The 2009 parliamentary election in India meant a roller-coaster journey for the country in April and May of this year. The results are now out and the Congress Party, with a few other regional parties, has resurged with more seats and confidence. Dr. Manmohan Singh, who is well known for his strong commitment to economic reforms and liberalisation policies, has returned as the Prime Minister.
The current scenario projects a very challenging set of tasks for the new government. On the one hand, there is an urgent need to address the unfinished agenda of market reforms and get the economy quickly back on fast-track growth; on the other, it is necessary to break the dualism between impressive growth and persistent poverty coupled with emergence of newer vulnerabilities and inequalities.
The Indian health sector epitomizes the challenge. There has been an unprecedented structural transformation in the health care market in the last two decades. In the curative care (treatment and therapies) market, the private sector, largely unregulated, has taken a dominant role in place of a miserable public sector. It has a mixed result; while people, especially the middle and richer section, have more choices, they are also more exposed to the risk of catastrophic financial shocks due to the staggering rise in health care costs. Highly subsidized public facilities provide some protective shield, but, as the Future Health Systems (FHS) research reflects, they still fail to protect a significant number (15%) of their client households (i). Clearly, poor people want better governance in service delivery so that public hospitals can play a more protective role; it is, however, not clear how the central government will meet this need since this is primarily a matter for each state in India to decide.
The progress in health outcomes in the last decade, especially in infant and child mortality, has been promising, as are the downward trends in public health problems, such as TB, HIV/AIDS, and leprosy. However, unacceptably big gaps remain in maternal health and child nutrition. The most prominent response of the last (central) government was the National Rural Health Mission – a comprehensive health programme for the rural population which integrates all public health programmes in a single package. The programme has triggered the public expenditure on health to some extent; yet it falls far short of the target (2% of GDP) and is significantly low by even Asian standards. Given that the new government has got the mandate of the people, it is expected that investment on health and education will get a substantial boost as a pay-back strategy.

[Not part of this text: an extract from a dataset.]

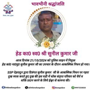 आज दिनांक 21/10/2024 को पुलिस लाइन में नियुक्त हेड कांस्टेबल 398 ना0पु0 सुनील कुमार जी का उपचार के दौरान आकस्मिक...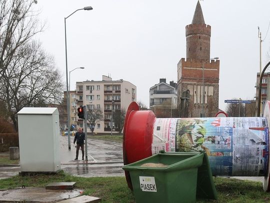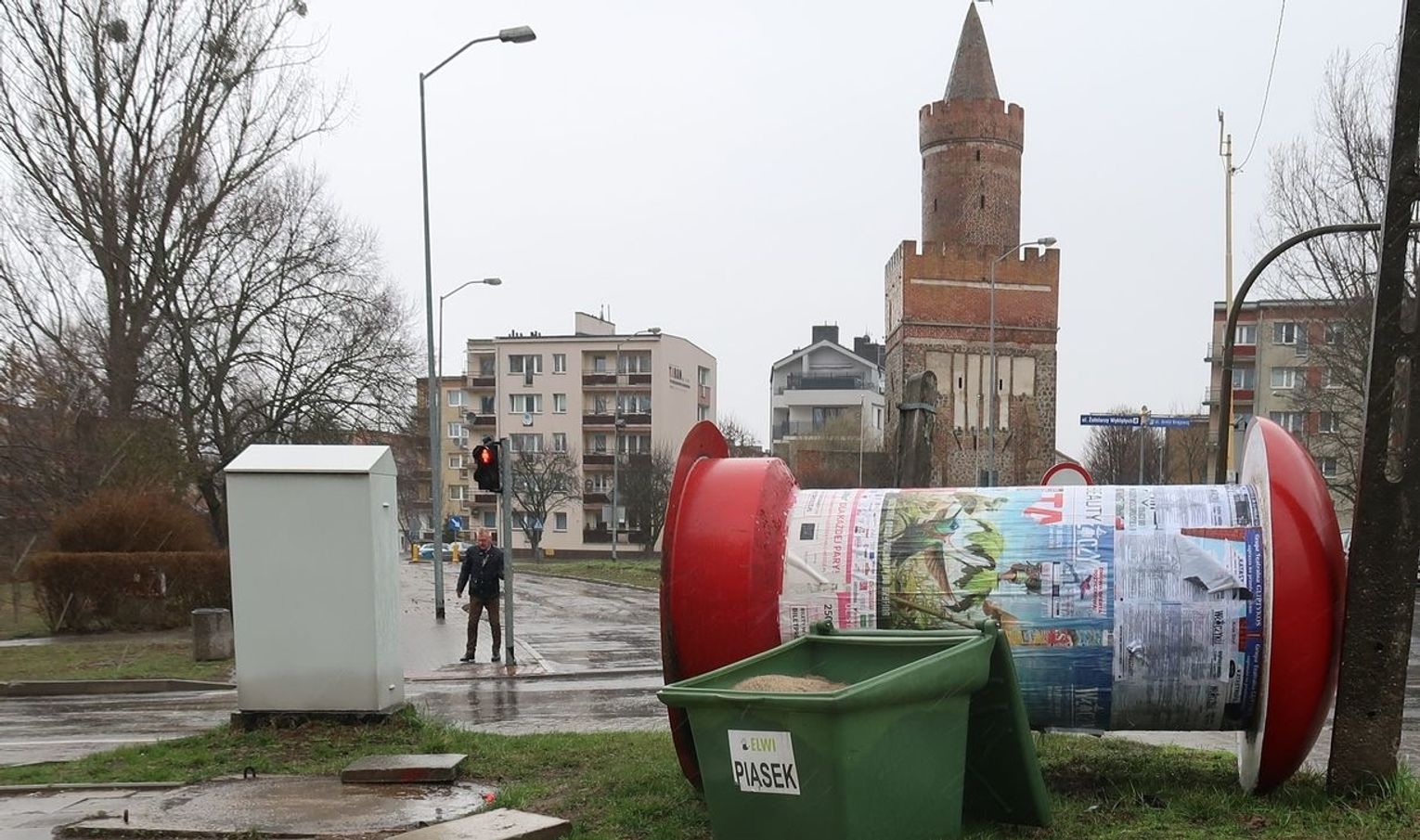 Grzybek na wieszanie plakatów i informacji grozi "wtargnięciem" na ulicę. Słupek informacyjny przewrócił się na skrzyżowaniu ulic Bolesława Chrobrego i Żołnierzy Wyklętych w Gryfinie.

The direction of public investment in health, however, will depend on how the central government aligns itself to the transforming health market. There are two clear options: (1) it may encourage the state authorities to be a more active market actor (i.e., less of a financier and more of a provider and regulator) especially in secondary / tertiary care, and (2) it may regain the lost position of the public sector by increasing subsidy and focusing exclusively on better governance in service delivery at public facilities. The federal structure of the country does not allow the central government to be the sole player in exercising any one of them. However, it will be interesting to see whether and to what extent they could activate the state governments towards adopting one of these directions.
(i)See “Catastrophic health care payment: how much protected are the users of public hospitals?” by FHS-India.